Samuel Dold Morgan (November 8, 1798 - June 10, 1880), was an American businessman, builder, and manufacturer, known as "The Merchant Prince of Nashville".

==Early life==
Samuel Dold Morgan was born in Staunton, Virginia.

==Career==
Morgan moved to Nashville in January 1833, where he became involved in dry goods and banking. He was at once a merchant, architect and builder. His firm, Morgan and Company, was one of the largest wholesale importers of dry goods and a manufacturer of clothing; the business was sufficiently sound and respected to be permitted to issue script money during the Panic of January 30, 1844. He was appointed to the new commission charged with planning a new State Capitol for Tennessee, becoming its president in 1854, Morgan was instrumental in choosing William Strickland of Philadelphia as the architect of this monumental structure.

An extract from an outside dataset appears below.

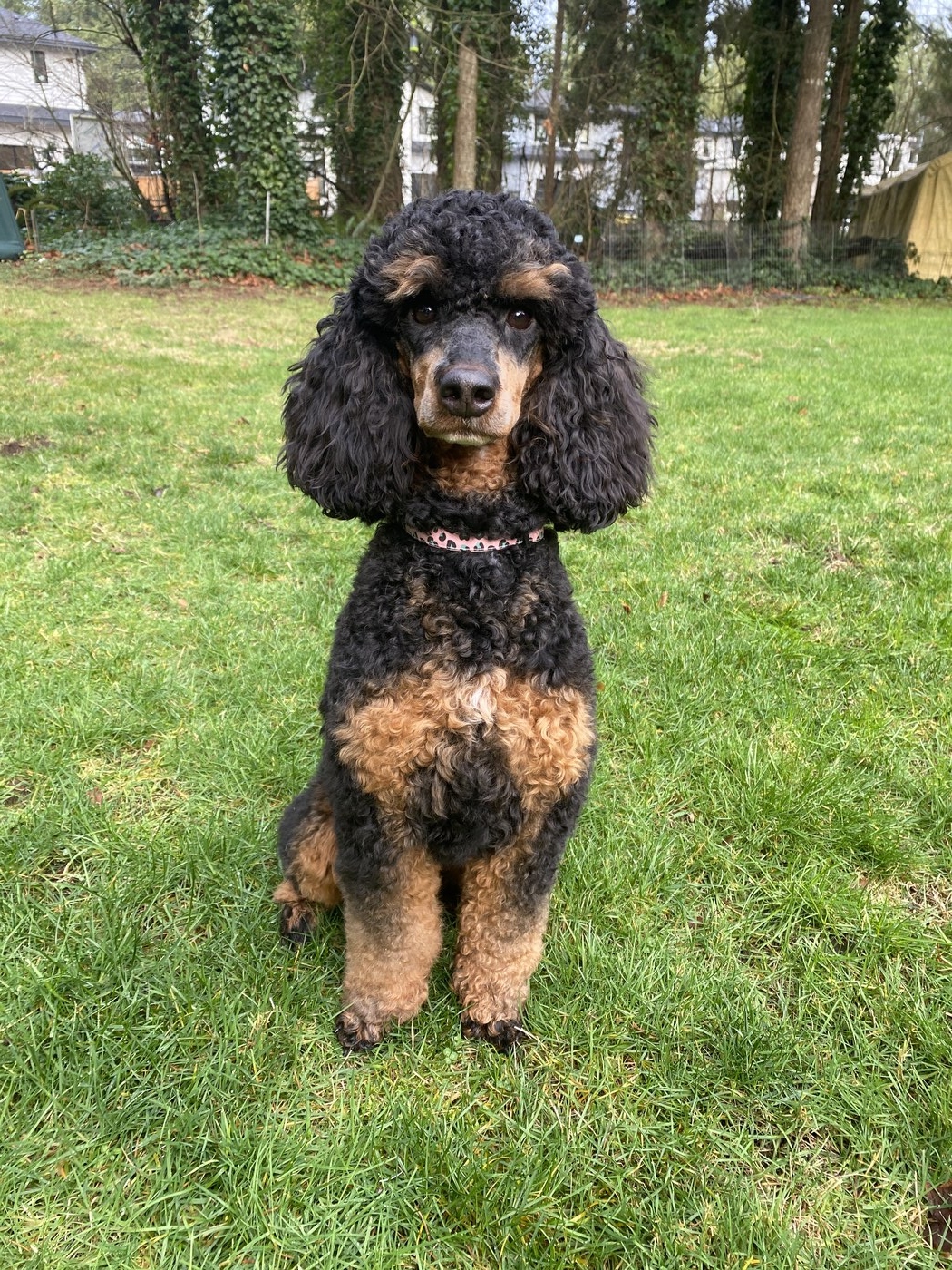 Gemma is still a puppy, but she's already showing what an exceptional dog she is. Playful and independent, she can entertain herself for hours, yet she’s also incredibly affectionate with a wonderful off-switch. She currently weighs 21 pounds and stands 17 inches tall. We anticipate her first litter to arrive summer of 2027.

In 1856, his firm built the Italianate style Morgan-Reeves Building at 208-210 Public Square; the building survived until 1975.

During the American Civil War, Morgan engaged in manufacturing munitions for the Confederates until Nashville's occupation by Union forces. He was also a Confederate official, serving as chairman of the Central Bureau of Military Supplies in Nashville during the War. Morgan had two sons killed during the war serving in the Confederate States Army. His nephew, Brig. Gen. John Hunt Morgan of Alabama, served with the Confederate cavalry and gained fame as the leader of Morgan's Raiders. He was killed in 1864.

==Personal life==
Morgan was married on November 2, 1819, to Matilda Grant Rose Mackintosh of Staunton. They had 12 children.

==Death and legacy==
Morgan died in Nashville and his remains were interred in the southeast corner of the State Capitol.

Morgan Park in the historic Germantown section of Nashville was named in honor of Morgan.

On June 10, 1980, the hundredth anniversary of Samuel Morgan's death, a ceremony was held at the Tennessee Capitol Building in his honor. The State Legislature declared that day to be "Samuel Dold Morgan Day" (Senate Joint Resolution 351).